- [Task to carry out]:
A faithful copy of the data below is required, leaving out every picture.

- [Data excerpt]:
Start of Block

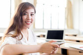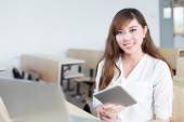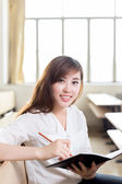 kobiece student studia w klasie z tabletem
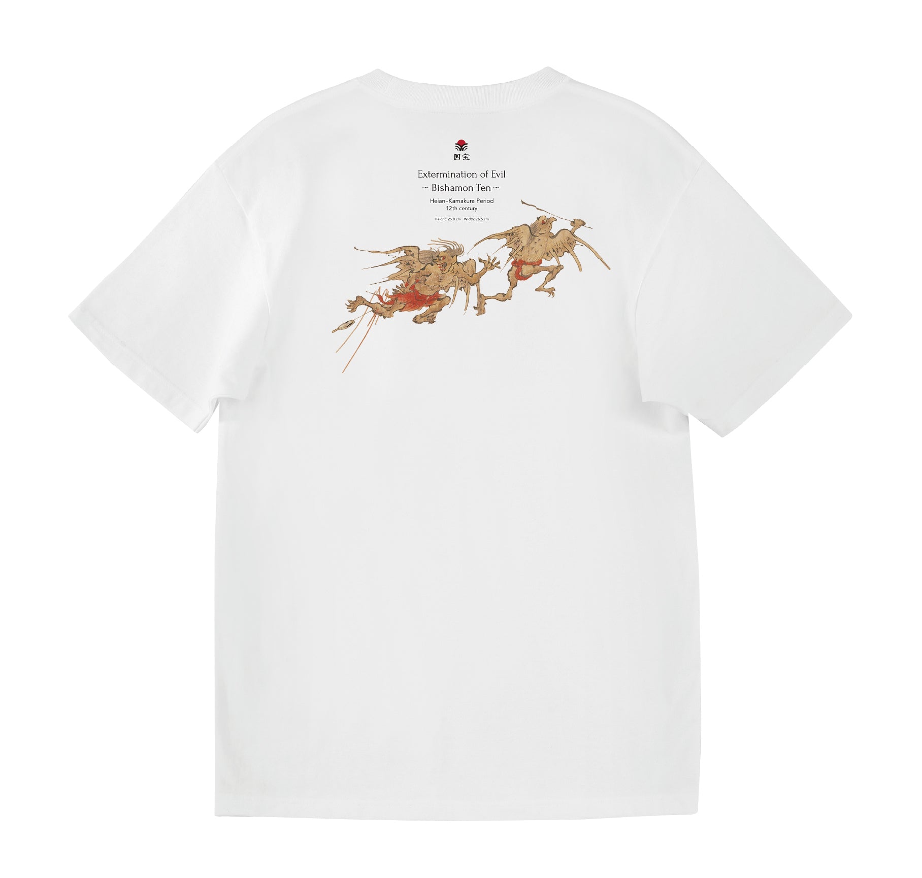 This artwork depicts Bishamon Ten, who exterminates evil spirits that bring harm and illness. A Buddhist guardian of the north, he is also revered in Japan as a god of war. In this scene, Bishamon Ten appears on a cloud and shoots arrows at two demons attempting to interrupt a monk’s training. The demons flee in panic, but one in the rear is struck by an arrow.
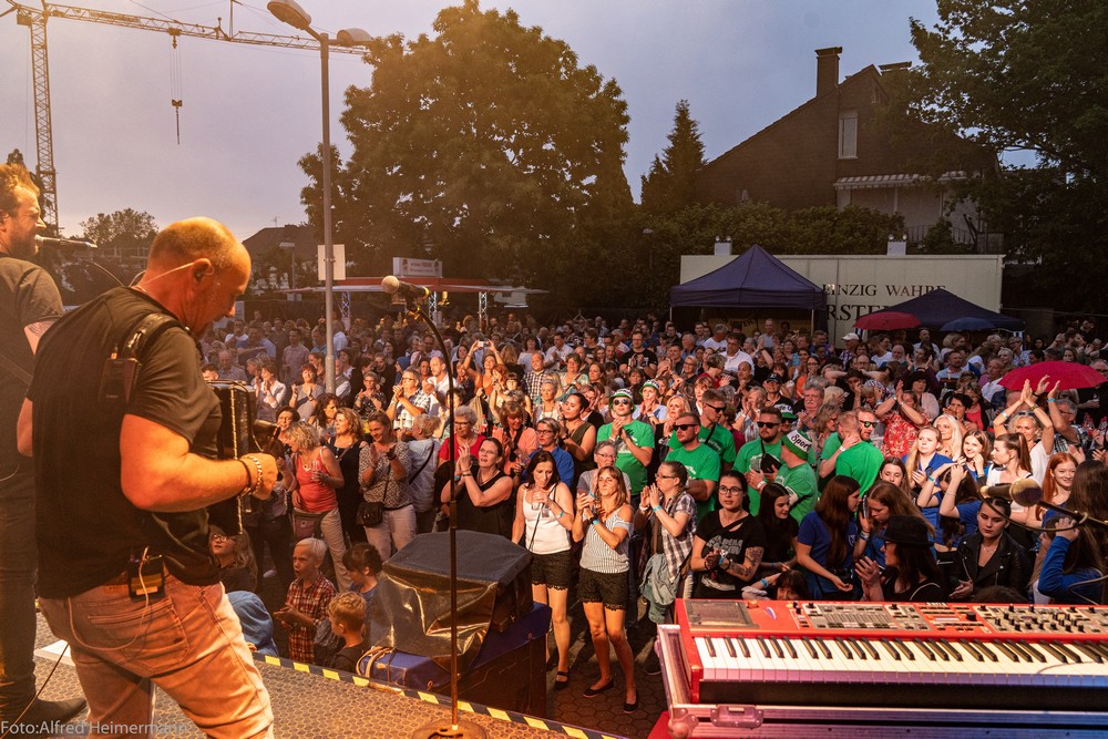 14. Kult-Openair Westerwaldsterne Uckerath 2019 Hotel Landsknecht Nur ein paar Regentropfen kamen vom Himmel, als die Paveier um 21 Uhr die Bühne auf dem Openairplatz vom Hotel Landsknecht betraten. Vorher brachte die Coverband "Fünfgestalten" das Publikum mit BAP Songs in Stimmung. Beim Auftritt der Paveier sang der ganze Platz kräftig deren Lieder mit. Viele Zugaben musste die Band geben, bevor sie gegen 23 Uhr die Bühne verliesen. Schade, dass der Instrumentenverteiler der Band mich anschnautze, weil ich auf der Bühne im Hintergrund Fotos machte, wie bei allen vergangenen Openairs. Noch keine Gruppe hat sich so verhalten, ein Zeichen von Arroganz! Schade, hatte ich nicht von der Band erwartet. |

End of Block

- [Answer space]:
 kobiece student studia w klasie z tabletem
 This artwork depicts Bishamon Ten, who exterminates evil spirits that bring harm and illness. A Buddhist guardian of the north, he is also revered in Japan as a god of war. In this scene, Bishamon Ten appears on a cloud and shoots arrows at two demons attempting to interrupt a monk’s training. The demons flee in panic, but one in the rear is struck by an arrow.
 14. Kult-Openair Westerwaldsterne Uckerath 2019 Hotel Landsknecht Nur ein paar Regentropfen kamen vom Himmel, als die Paveier um 21 Uhr die Bühne auf dem Openairplatz vom Hotel Landsknecht betraten. Vorher brachte die Coverband "Fünfgestalten" das Publikum mit BAP Songs in Stimmung. Beim Auftritt der Paveier sang der ganze Platz kräftig deren Lieder mit. Viele Zugaben musste die Band geben, bevor sie gegen 23 Uhr die Bühne verliesen. Schade, dass der Instrumentenverteiler der Band mich anschnautze, weil ich auf der Bühne im Hintergrund Fotos machte, wie bei allen vergangenen Openairs. Noch keine Gruppe hat sich so verhalten, ein Zeichen von Arroganz! Schade, hatte ich nicht von der Band erwartet. |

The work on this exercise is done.